56 Stories in 56 days – The Adventure of the Devil’s Foot

It’s 1897, Holmes is exhausted again and goes off to Cornwall for a rest, but, coincidently, a double murder ends up occurring in the vicinity, writes Charlotte Anne Walters.

People of Victorian England beware – if Sherlock Holmes comes to stay in your area, trouble won’t be far behind him.  Holmes must be the unluckiest person in history when it comes to holidays as yet again a break is interrupted by tragedy. But this is certainly a queer one.

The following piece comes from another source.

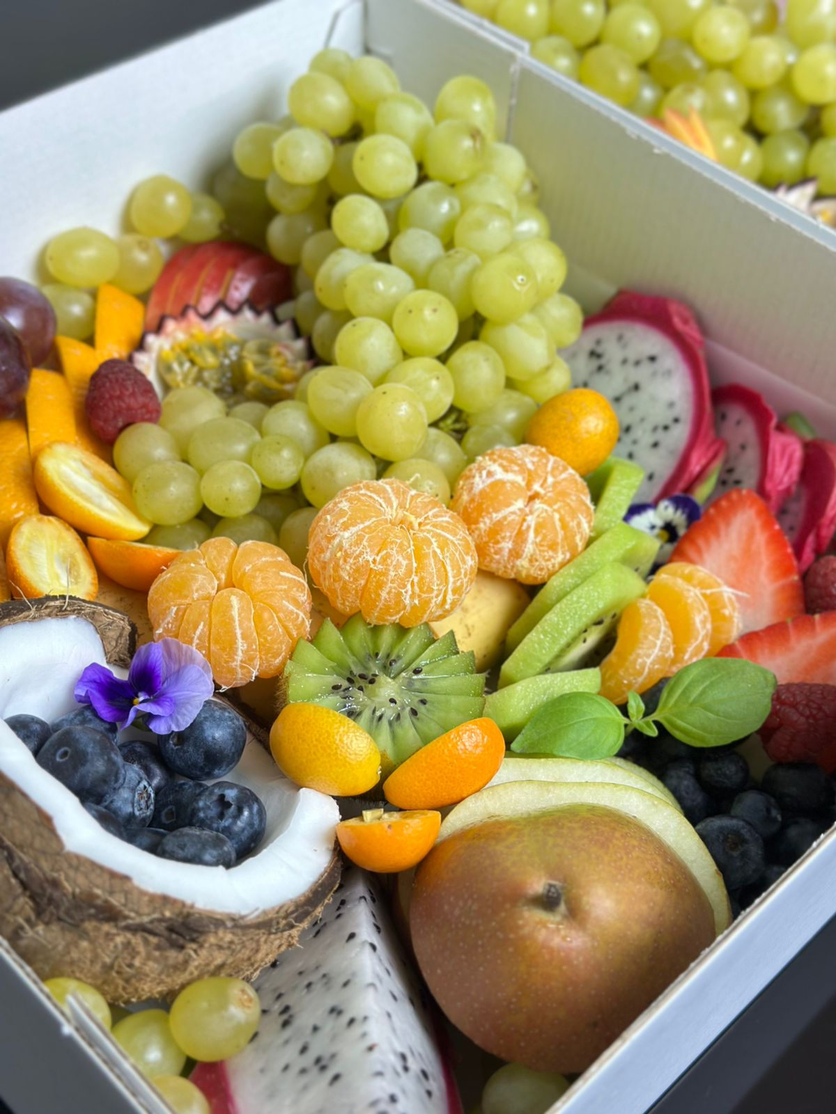 Нарядный, большой набор 30*30 разнообразных закусок: Шесть видов сыра, вес 950 гр Пять видов мясных деликатесов, вес 760 гр Сезонные ягоды и фрукты Помидорчики черри Снеки Орехи Соус Шпажки на компанию

With the help of an early start I was able to read the story and make some notes before starting work and intended to type things up on the train traveling home, as I had other commitments this evening.  Well, the train was absolutely packed, people jammed into every corner and no chance of even a seat, let alone a table.  I ended up having to sit on the dirty floor with people standing all around me and type with the laptop balanced precariously on my knee.  Someone trod on my foot and another thrust their bag in my face – suffice to say I was pretty grumpy but did manage to type this up and load it onto my site at the usual time.  Holmes and Watson didn’t have to contend with all this on the steam trains of Victorian London did they? And I bet the trains were never late either…

Anyway, back to the story. A local man is apparently devastated and mystified when his sister dies and his two brothers are driven insane by a sudden, unknown horror.  Then we have a distant relative from overseas (Yes, I know, yet another culprit from distant shores) who turns up acting very suspiciously.  The local man is also murdered mid-investigation prompting Holmes to test out his theory on both himself and poor, loyal Watson.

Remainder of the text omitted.